TASK INSTRUCTIONS | Retype exactly what runs from the first line of the data to the line with "Он не может", keeping both of those lines and skipping pictures.

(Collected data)
□ □ □ □ □ □ □
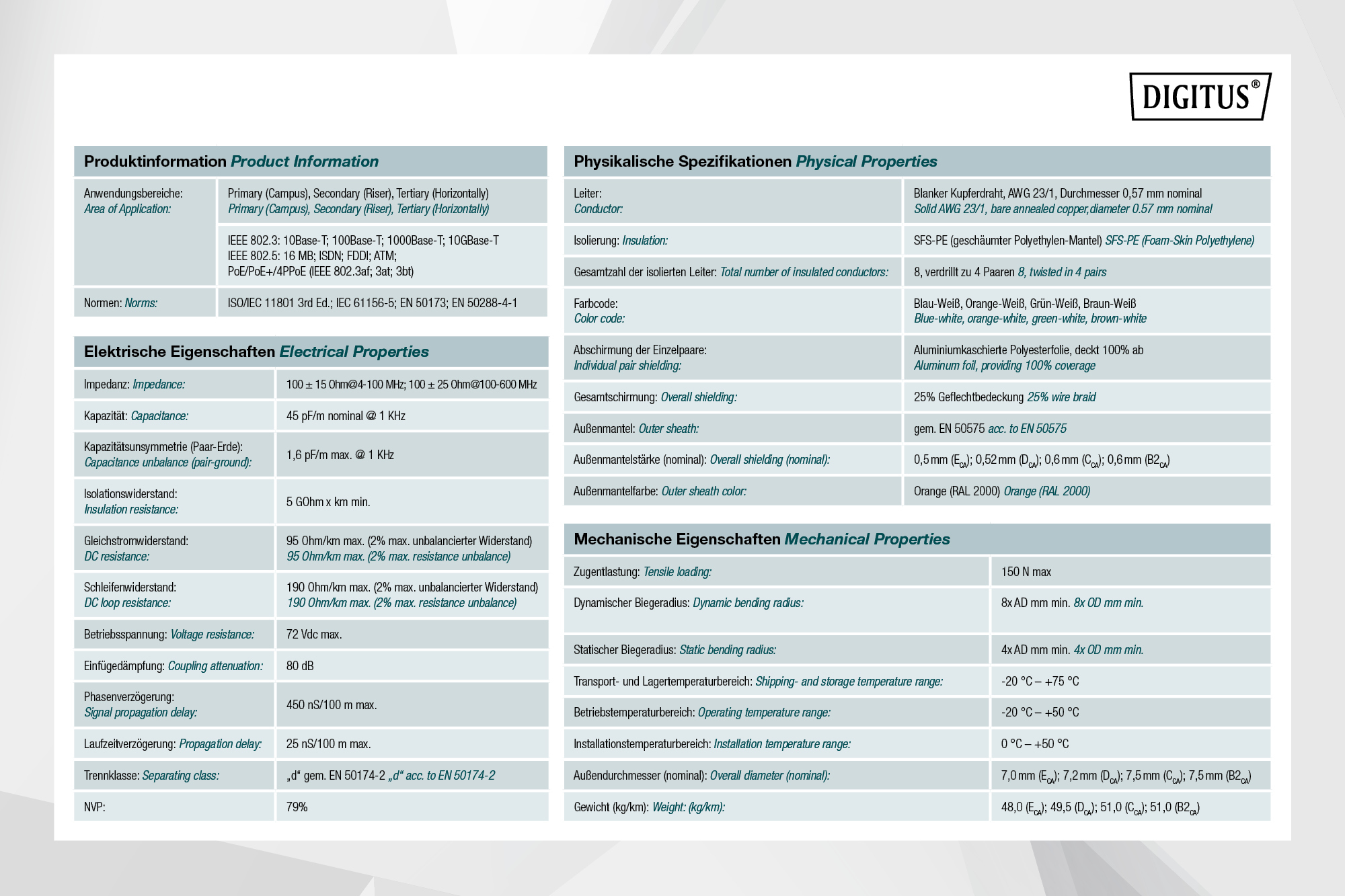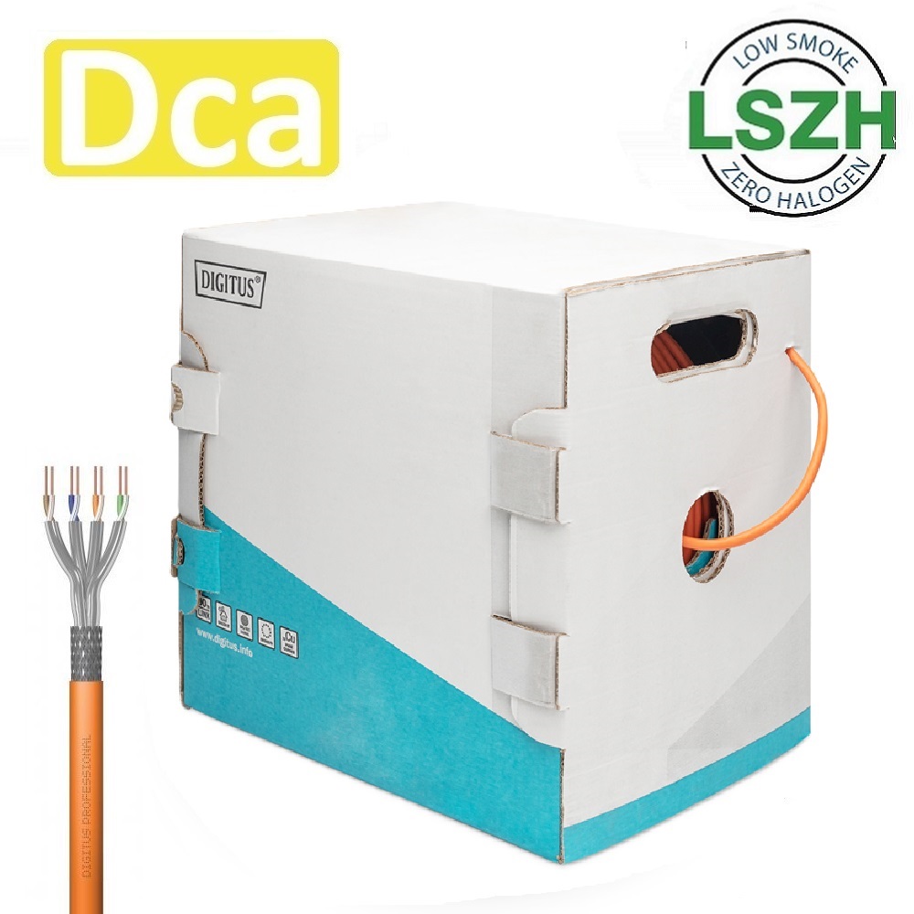 CAT 7 S-FTP Installationskabel, 1200 MHz Dca (EN 50575), AWG 23/1, 250 m drum, SX, orange Technical details Assortment: Twisted Pair Installation Cables Category: CAT 7 Shielding: S-FTP, pairs in metal foil and braid shielding CPR: Dca Length: 250 m Color: orange Jacket: LSOH Structure: 4 x 2 AWG 23/1, solid twisted pair
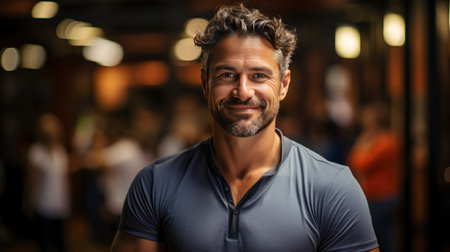 A confident man with a charming smile relaxes in a cozy interior with a warm ambiance, emphasizing calm and approachability.
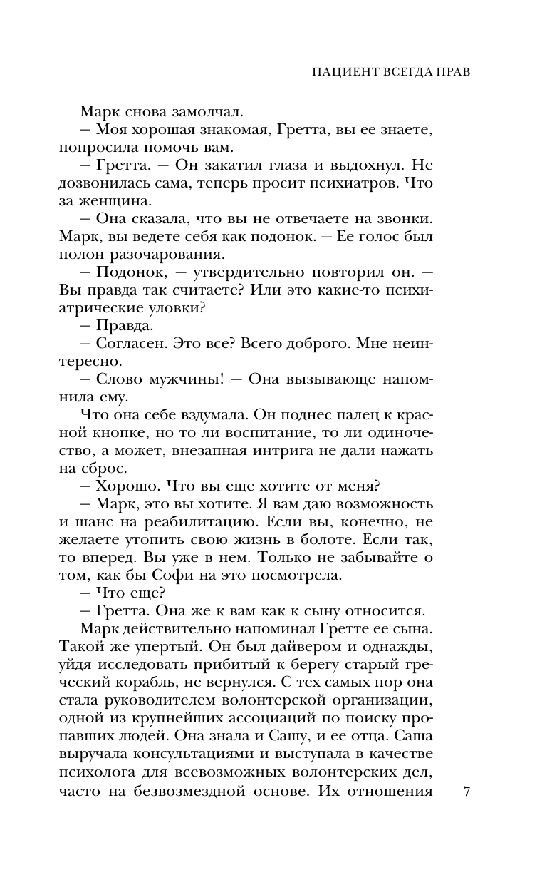 Он не может смириться с гибелью девушки и вопреки всем фактам верит, что она жива. В ходе терапии Марк все больше нравится Александре. А еще — становится главным подозреваемым в убийстве своей девушки.
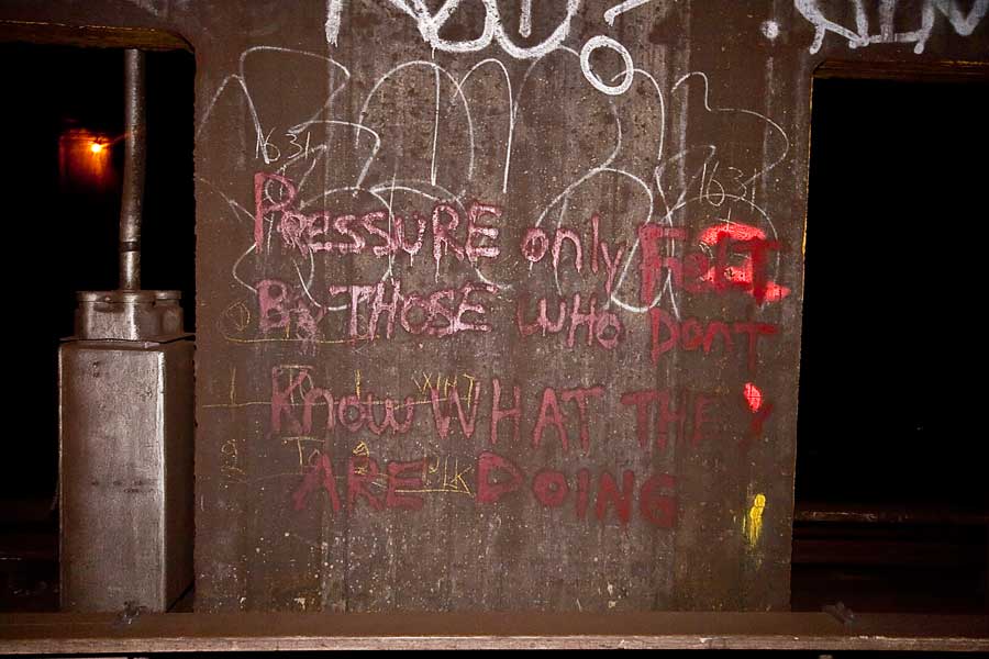 What, too much? Please. This is a humid dark wet tunnel, so sexual commentary isn’t just for fun – it’s downright required. Besides, a train could roll up on your ass in seconds down here, flashing your life before your mere mortal eyes.
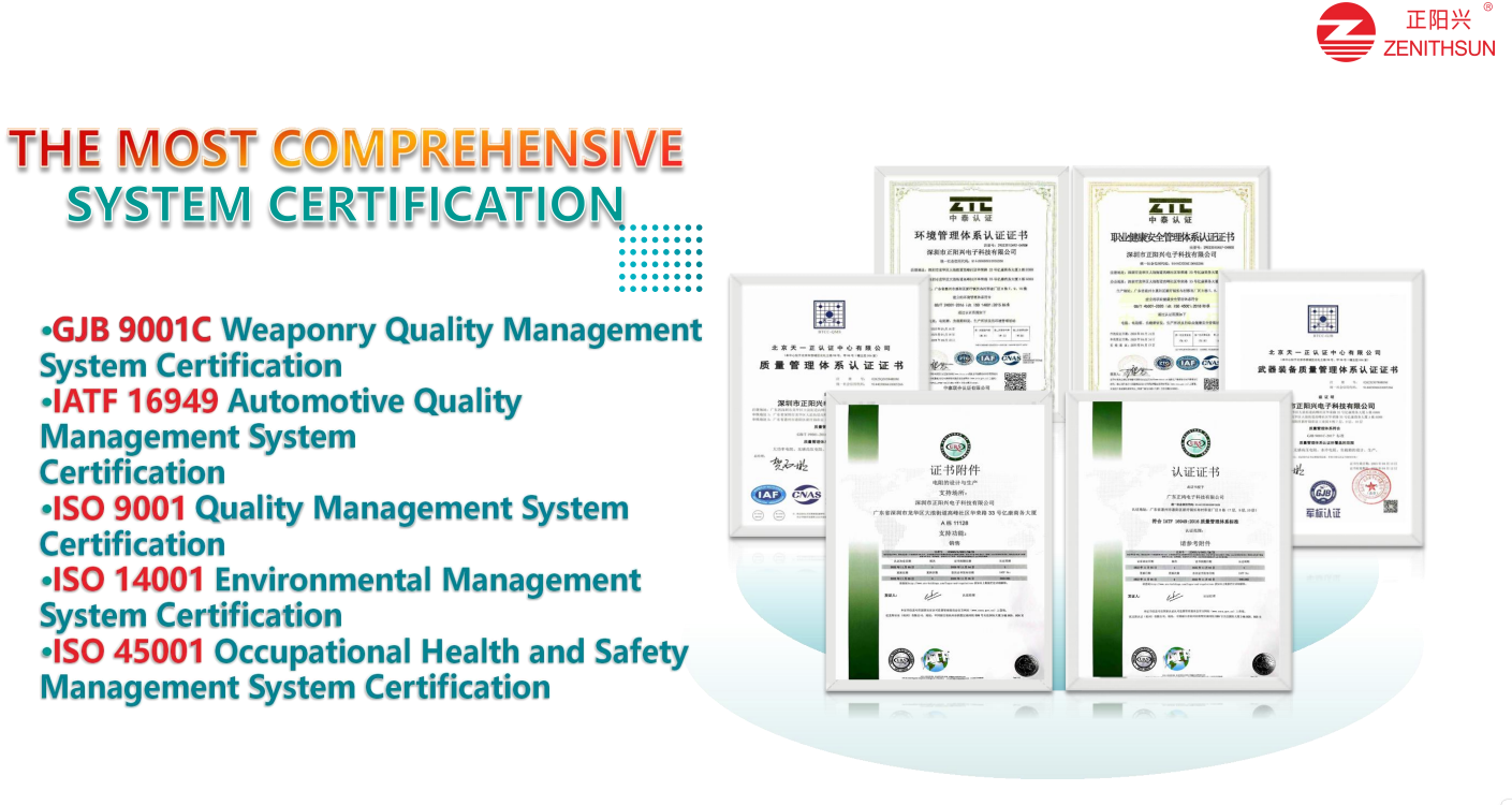 - Authoritative Certifications: Holding GJB 9001C (Weaponry Quality Management System), IATF 16949 (Automotive Quality Management System), and ISO 9001/14001/45001 certifications, ZENITHSUN’s products meet global quality and safety standards.
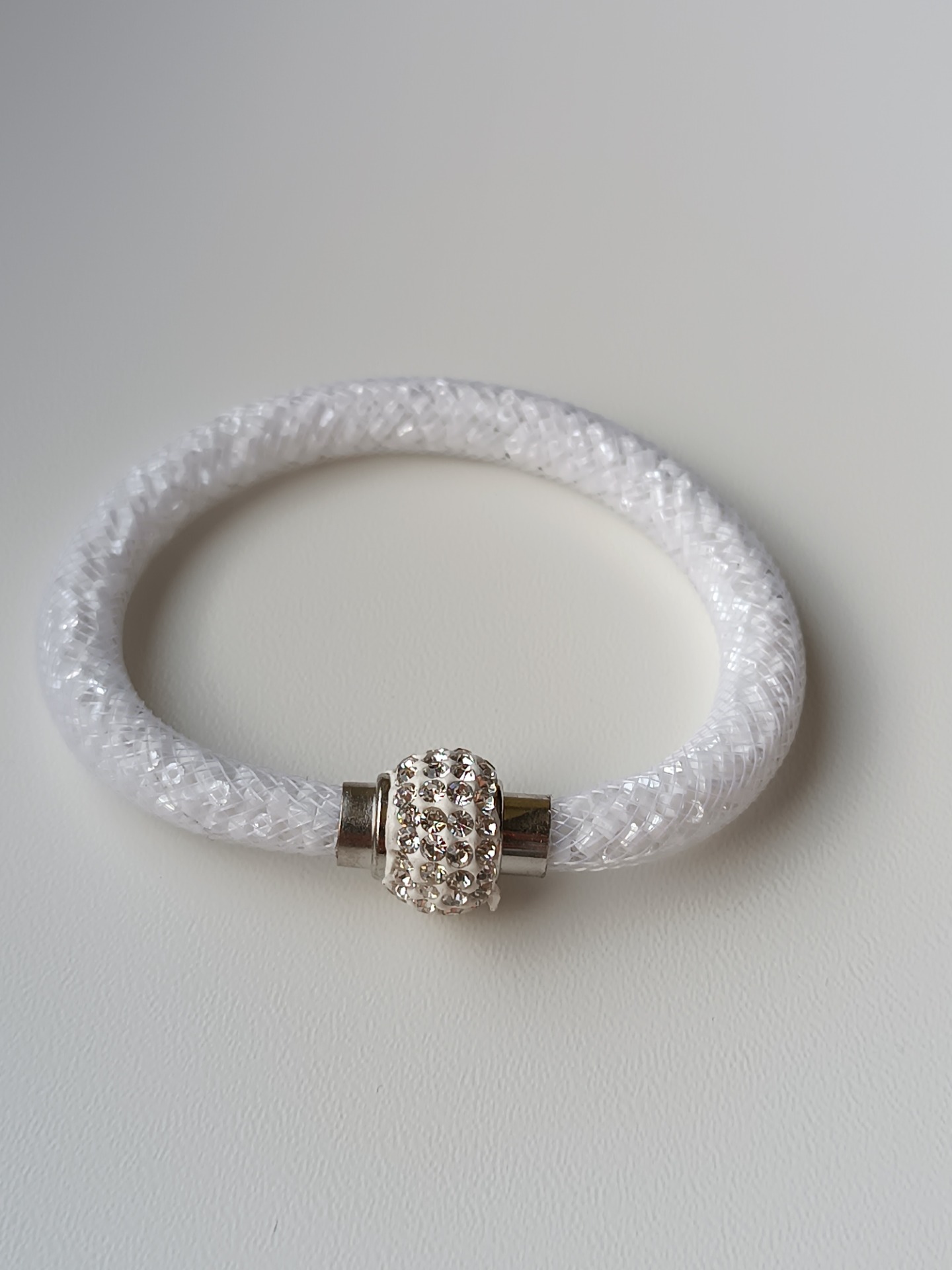 Materiál: bílá síťka, štěpky rokajlu 2mm, bílé magnetické zapínání s kamínky je z bižuterního komponentu
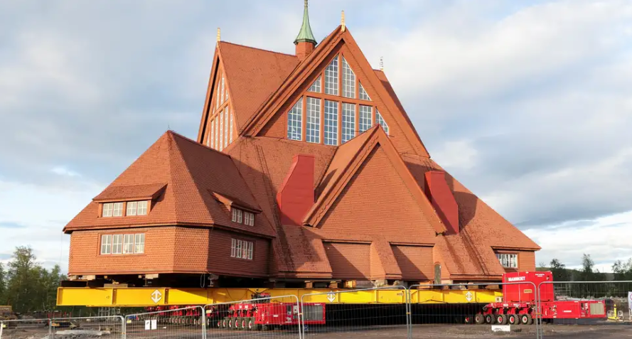 重达672吨!瑞典百年大教堂上演“搬家记”,通过滑轮装置缓慢“平移”
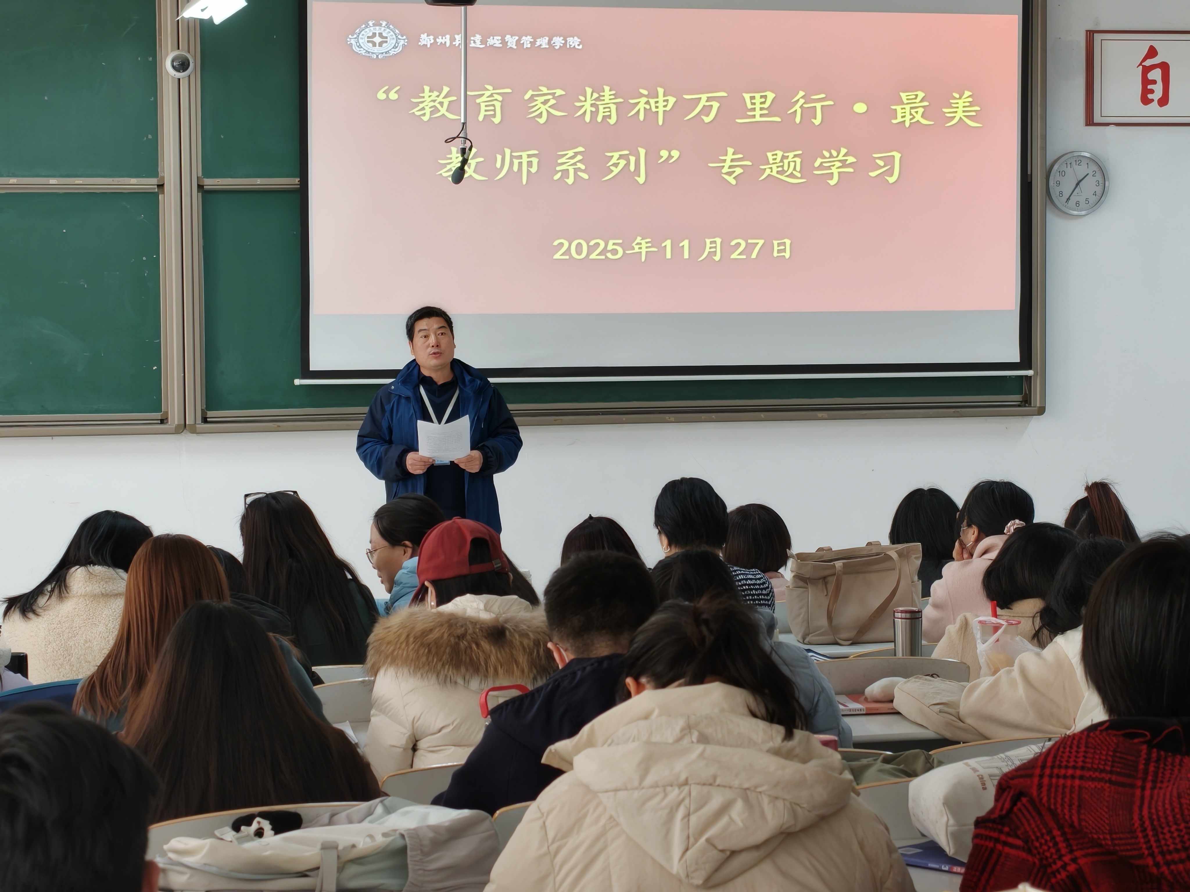 为深入学习贯彻教育家精神,夯实师德师风建设根基,2025年11月27日,外国语学院组织全体教职工开展“教育家精神万里行·最美我师系列”专题学习活动。活动由外国语学院党委书记石皓召主持,通过事迹宣讲、视频观摩、交流研讨等形式,让全体教师在榜样引领中感悟教育初心,在精神传承中凝聚育人力量。
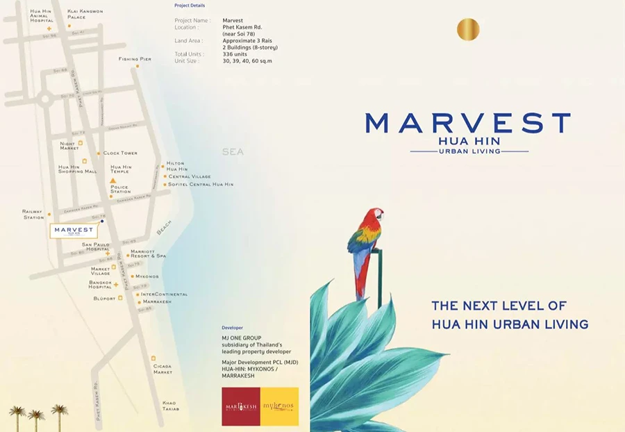 มาพบคอนโดหัวหิน สไตล์ Modern Coastal กับ Marvest หัวหิน คอนโดตากอากาศสุดหรูที่ตกแต่งอย่างพิถีพิถันด้วยวัสดุคุณภาพ พรีเมียม ทำเลใจกลางเมืองหัวหิน มาพร้อมสระว่ายน้ำขนาดใหญ่ ที่จะทำให้สามารถดื่มด่ำไปกับบรรยากาศแห่งการพักผ่อน อีกทั้งยังใกล้ Lifestyle Hub แลนด์มาร์กยอดฮิตที่ครบครันในหัวหิน เป็นคอนโดอีกโครงการที่น่าสนใจไม่น้อยเลย
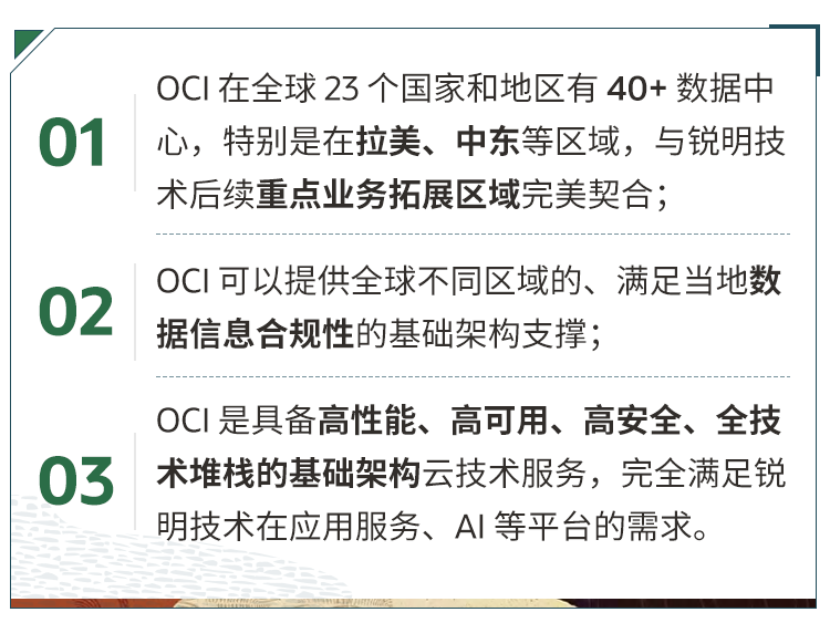 基于以上需求,锐明技术经过精心选型,最终选择了 Oracle 云基础设施远程软件服务(Oracle Cloud Infrastructure, OCI)作为其基础架构。
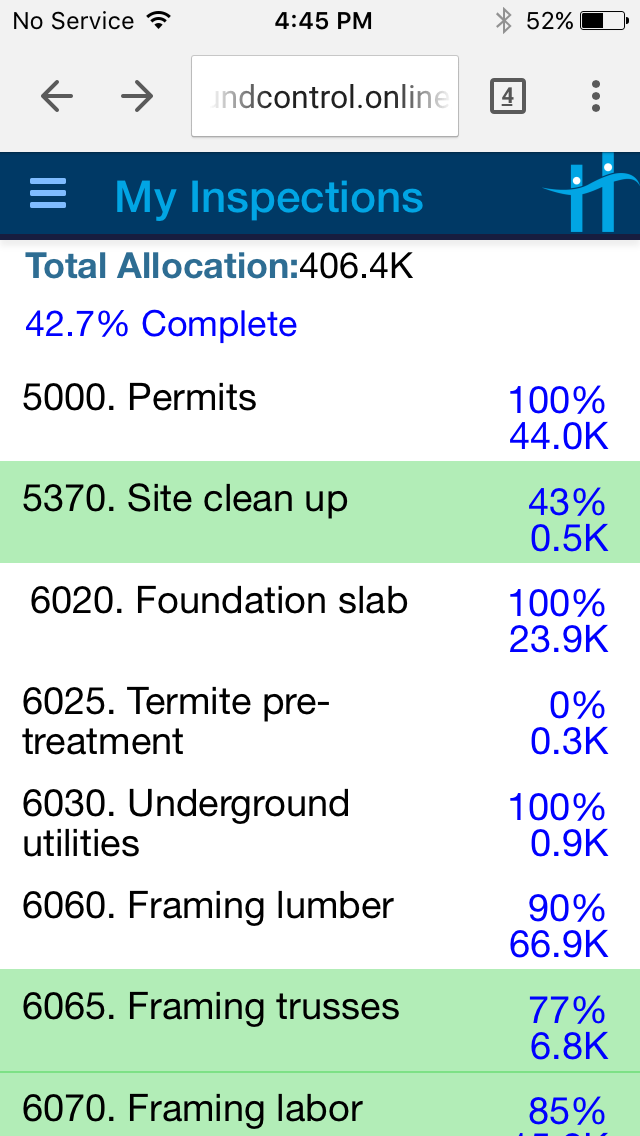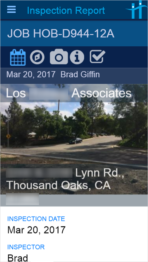 Scheduled jobs are routed to inspectors, who use a mobile phone or tablet to photograph and report the status of building line items, site conditions, and project progress.
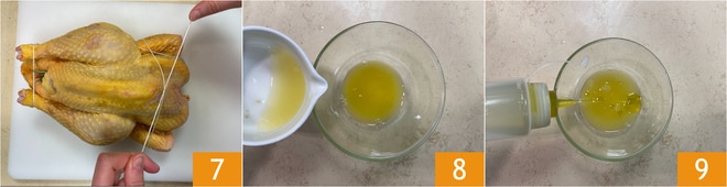 Retournez à nouveau le chapon et ramenez le fil devant, près du cou, ici faites quelques nœuds de fermeture 7. Coupez l'excédent de fil. Mettez le chapon de côté et occupez-vous de la marinade : dans un bol, versez le jus d'orange et de citron 8, ajoutez l'huile d'olive 9.
□ □ □ □ □ □ □
OUTPUT FOR THIS TASK |
 CAT 7 S-FTP Installationskabel, 1200 MHz Dca (EN 50575), AWG 23/1, 250 m drum, SX, orange Technical details Assortment: Twisted Pair Installation Cables Category: CAT 7 Shielding: S-FTP, pairs in metal foil and braid shielding CPR: Dca Length: 250 m Color: orange Jacket: LSOH Structure: 4 x 2 AWG 23/1, solid twisted pair
 A confident man with a charming smile relaxes in a cozy interior with a warm ambiance, emphasizing calm and approachability.
 Он не может смириться с гибелью девушки и вопреки всем фактам верит, что она жива. В ходе терапии Марк все больше нравится Александре. А еще — становится главным подозреваемым в убийстве своей девушки.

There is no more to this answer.